Sun, a urologist specializing in male sexual health at a large urology group in Dallas-Fort Worth, shares how his clinical practice has evolved with the growing use of oral testosterone therapies. Together, they discuss the "art" behind managing testosterone deficiency, moving beyond standard injections and pellets to creative strategies that prioritize both symptom relief and long-term patient goals like fertility preservation.

Sun explains how oral testosterone formulations—thanks to their short-acting pharmacokinetics—can preserve some endogenous testosterone production, unlike traditional injections that often completely suppress it. He details how he customizes treatment plans by blending oral testosterone with agents like Clomiphene to boost hormonal levels without fully shutting down the body's own system, offering a more physiologically balanced solution for men who may want children in the future.

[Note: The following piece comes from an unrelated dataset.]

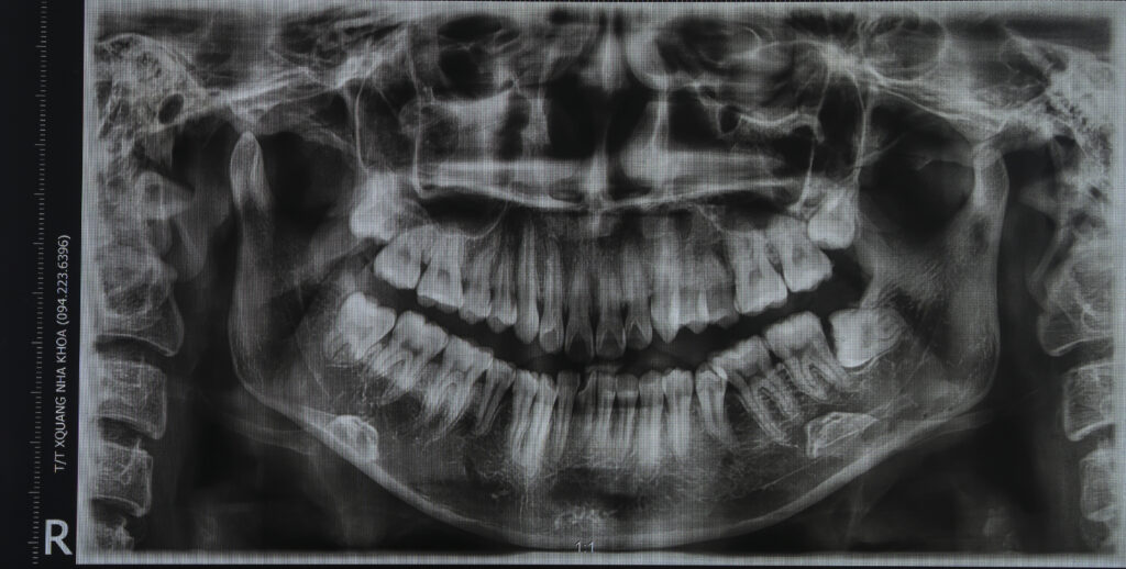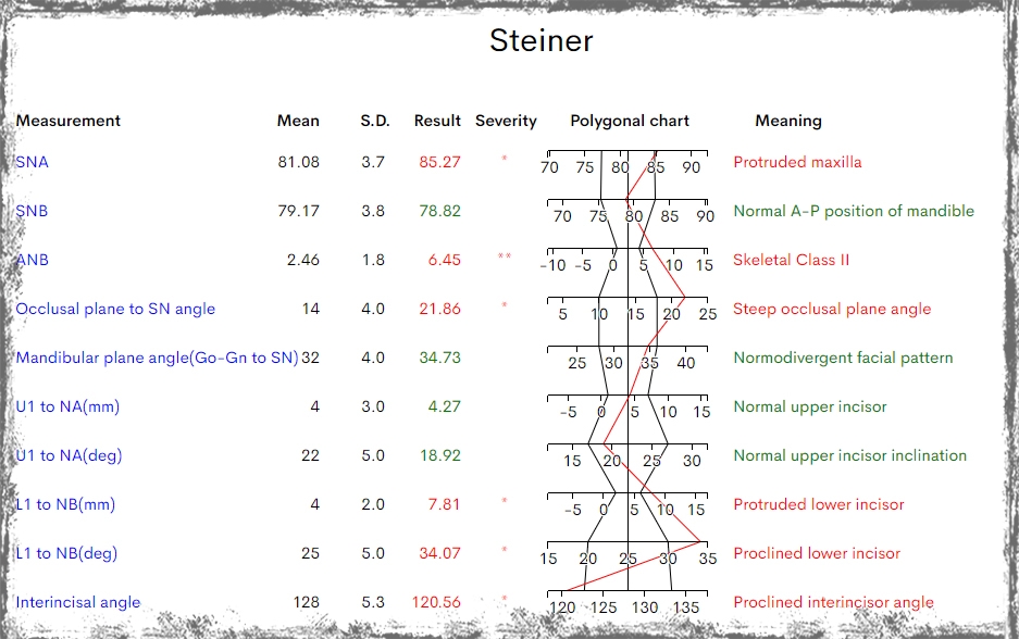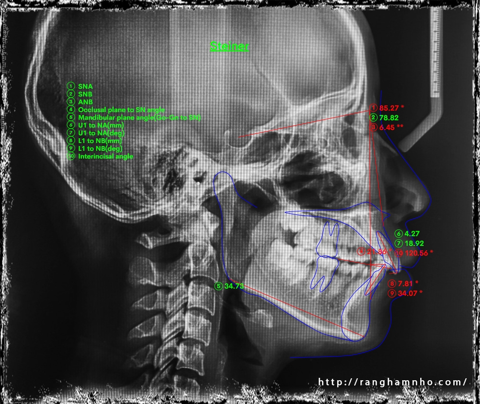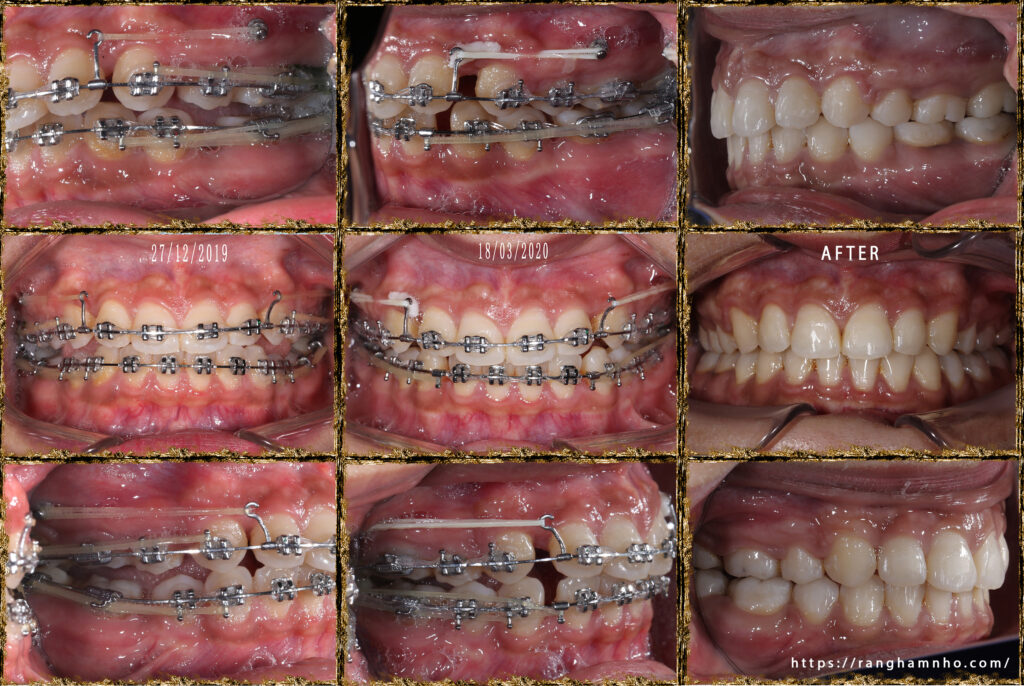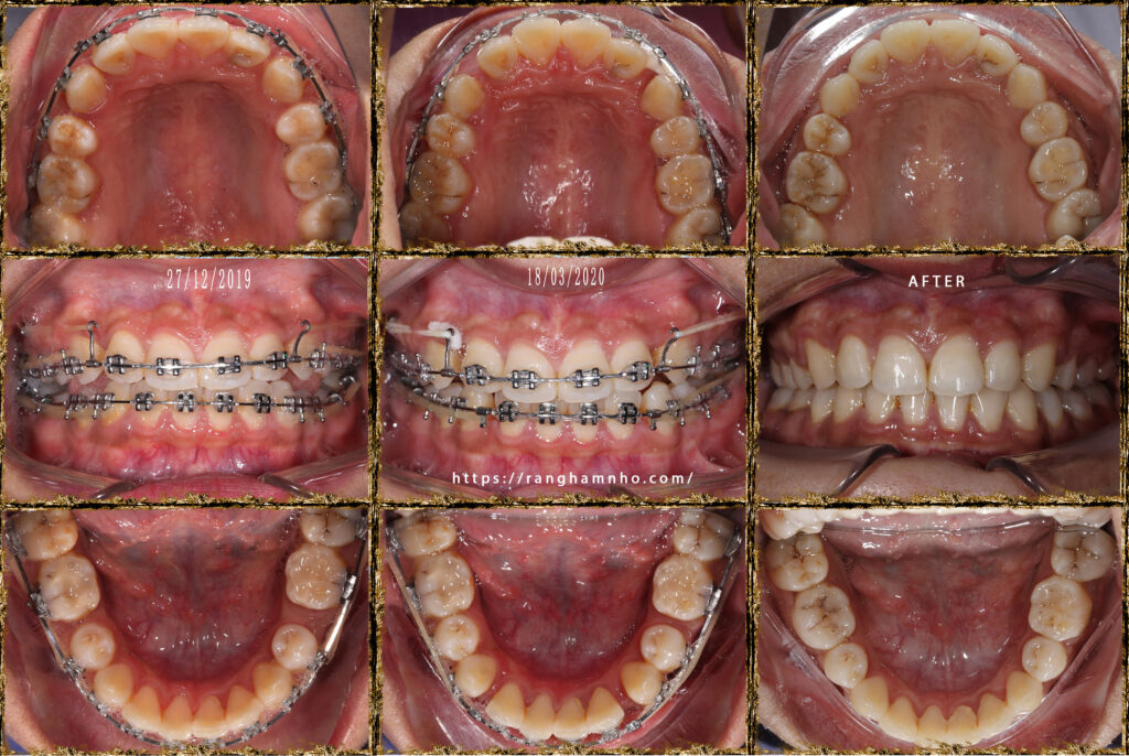 Chẩn đoán trước điều trị: sai khớp cắn hạng II, mặt hô, khớp cắn sâu. Chỉ định niềng răng nhổ 4 răng số 4 để kéo lùi nhóm răng cửa giảm hô tối đa. Có sử dụng neo chặn tuyệt đối bằng minivis chỉnh nha.

Later, they delve into combination therapy strategies, including using oral testosterone alongside injectable TRT to better manage SHBG levels and mitigate side effects like polycythemia and acne—an approach that is gaining traction but rarely discussed in traditional guidelines or research.

Throughout the conversation, Sun challenges outdated perceptions about oral testosterone, emphasizing that modern formulations avoid the liver toxicity concerns associated with older agents like methyl testosterone. He encourages providers to consider oral testosterone as a first-line option for many patients, citing its convenience, patient preference, and physiological advantages.